### PROBLEM REQUIREMENTS
From the data below, repeat everything exactly except the images.

### DATA SHOWN
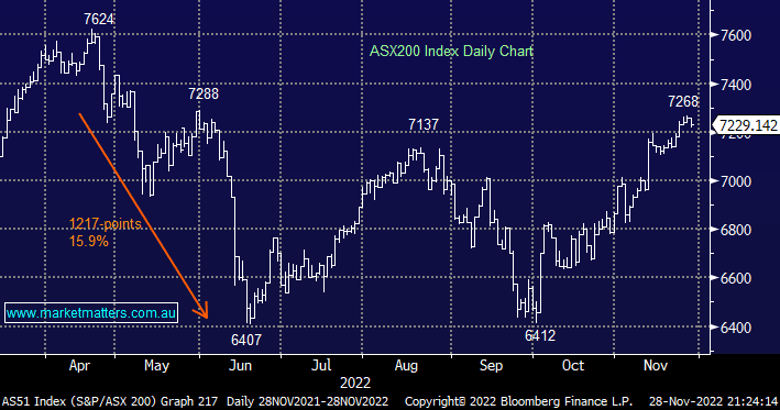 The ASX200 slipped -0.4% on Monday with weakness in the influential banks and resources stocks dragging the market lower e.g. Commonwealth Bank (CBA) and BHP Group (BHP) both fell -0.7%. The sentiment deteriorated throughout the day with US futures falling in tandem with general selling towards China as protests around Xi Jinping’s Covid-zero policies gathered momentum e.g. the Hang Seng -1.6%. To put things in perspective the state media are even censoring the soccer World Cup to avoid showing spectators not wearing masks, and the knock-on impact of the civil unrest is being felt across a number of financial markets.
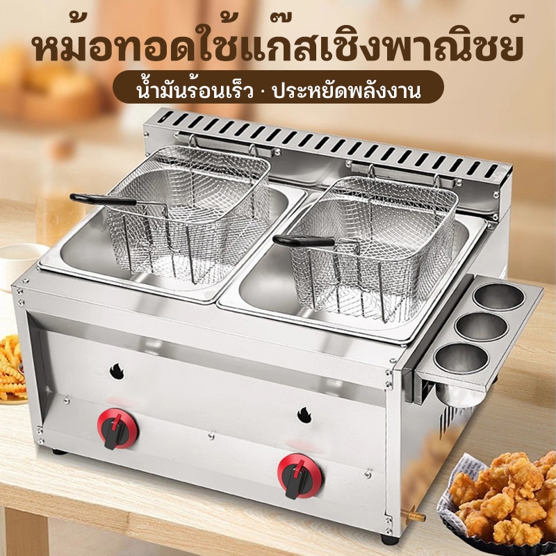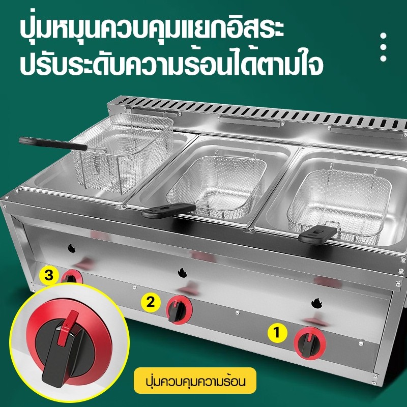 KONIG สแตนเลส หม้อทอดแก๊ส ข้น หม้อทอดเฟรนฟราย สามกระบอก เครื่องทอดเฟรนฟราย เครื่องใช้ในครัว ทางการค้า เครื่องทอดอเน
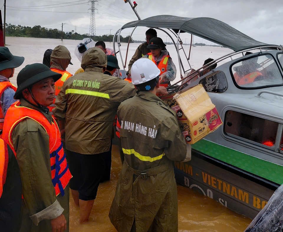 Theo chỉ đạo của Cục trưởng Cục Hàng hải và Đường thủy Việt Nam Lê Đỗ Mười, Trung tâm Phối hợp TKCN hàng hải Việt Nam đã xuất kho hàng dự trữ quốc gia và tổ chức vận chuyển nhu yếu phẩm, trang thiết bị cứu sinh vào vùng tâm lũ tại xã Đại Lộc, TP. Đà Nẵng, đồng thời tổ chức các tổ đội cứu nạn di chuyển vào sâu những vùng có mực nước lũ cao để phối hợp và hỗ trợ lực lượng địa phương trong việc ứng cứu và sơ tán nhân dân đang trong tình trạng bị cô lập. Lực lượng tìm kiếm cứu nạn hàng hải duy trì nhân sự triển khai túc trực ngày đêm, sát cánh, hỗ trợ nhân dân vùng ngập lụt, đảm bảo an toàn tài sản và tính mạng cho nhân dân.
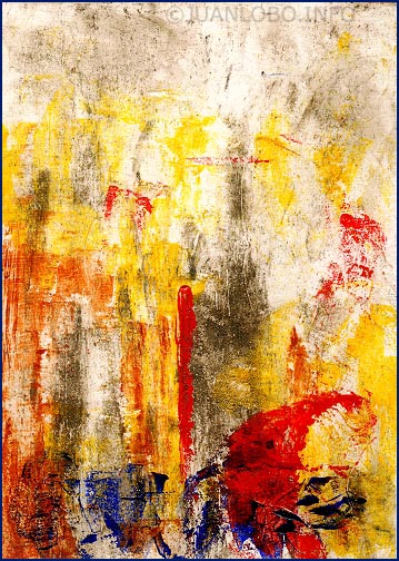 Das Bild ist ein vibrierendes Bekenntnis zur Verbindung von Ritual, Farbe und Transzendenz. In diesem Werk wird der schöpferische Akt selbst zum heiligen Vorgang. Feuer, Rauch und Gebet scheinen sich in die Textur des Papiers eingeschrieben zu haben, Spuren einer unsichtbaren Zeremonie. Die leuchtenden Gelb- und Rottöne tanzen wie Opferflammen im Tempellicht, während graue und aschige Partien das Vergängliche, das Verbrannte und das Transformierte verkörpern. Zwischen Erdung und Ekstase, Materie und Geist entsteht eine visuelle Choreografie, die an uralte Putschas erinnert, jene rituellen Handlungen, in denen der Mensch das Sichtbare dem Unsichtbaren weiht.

### SOLUTION FOR THIS TASK
 The ASX200 slipped -0.4% on Monday with weakness in the influential banks and resources stocks dragging the market lower e.g. Commonwealth Bank (CBA) and BHP Group (BHP) both fell -0.7%. The sentiment deteriorated throughout the day with US futures falling in tandem with general selling towards China as protests around Xi Jinping’s Covid-zero policies gathered momentum e.g. the Hang Seng -1.6%. To put things in perspective the state media are even censoring the soccer World Cup to avoid showing spectators not wearing masks, and the knock-on impact of the civil unrest is being felt across a number of financial markets.
 KONIG สแตนเลส หม้อทอดแก๊ส ข้น หม้อทอดเฟรนฟราย สามกระบอก เครื่องทอดเฟรนฟราย เครื่องใช้ในครัว ทางการค้า เครื่องทอดอเน
 Theo chỉ đạo của Cục trưởng Cục Hàng hải và Đường thủy Việt Nam Lê Đỗ Mười, Trung tâm Phối hợp TKCN hàng hải Việt Nam đã xuất kho hàng dự trữ quốc gia và tổ chức vận chuyển nhu yếu phẩm, trang thiết bị cứu sinh vào vùng tâm lũ tại xã Đại Lộc, TP. Đà Nẵng, đồng thời tổ chức các tổ đội cứu nạn di chuyển vào sâu những vùng có mực nước lũ cao để phối hợp và hỗ trợ lực lượng địa phương trong việc ứng cứu và sơ tán nhân dân đang trong tình trạng bị cô lập. Lực lượng tìm kiếm cứu nạn hàng hải duy trì nhân sự triển khai túc trực ngày đêm, sát cánh, hỗ trợ nhân dân vùng ngập lụt, đảm bảo an toàn tài sản và tính mạng cho nhân dân.
 Das Bild ist ein vibrierendes Bekenntnis zur Verbindung von Ritual, Farbe und Transzendenz. In diesem Werk wird der schöpferische Akt selbst zum heiligen Vorgang. Feuer, Rauch und Gebet scheinen sich in die Textur des Papiers eingeschrieben zu haben, Spuren einer unsichtbaren Zeremonie. Die leuchtenden Gelb- und Rottöne tanzen wie Opferflammen im Tempellicht, während graue und aschige Partien das Vergängliche, das Verbrannte und das Transformierte verkörpern. Zwischen Erdung und Ekstase, Materie und Geist entsteht eine visuelle Choreografie, die an uralte Putschas erinnert, jene rituellen Handlungen, in denen der Mensch das Sichtbare dem Unsichtbaren weiht.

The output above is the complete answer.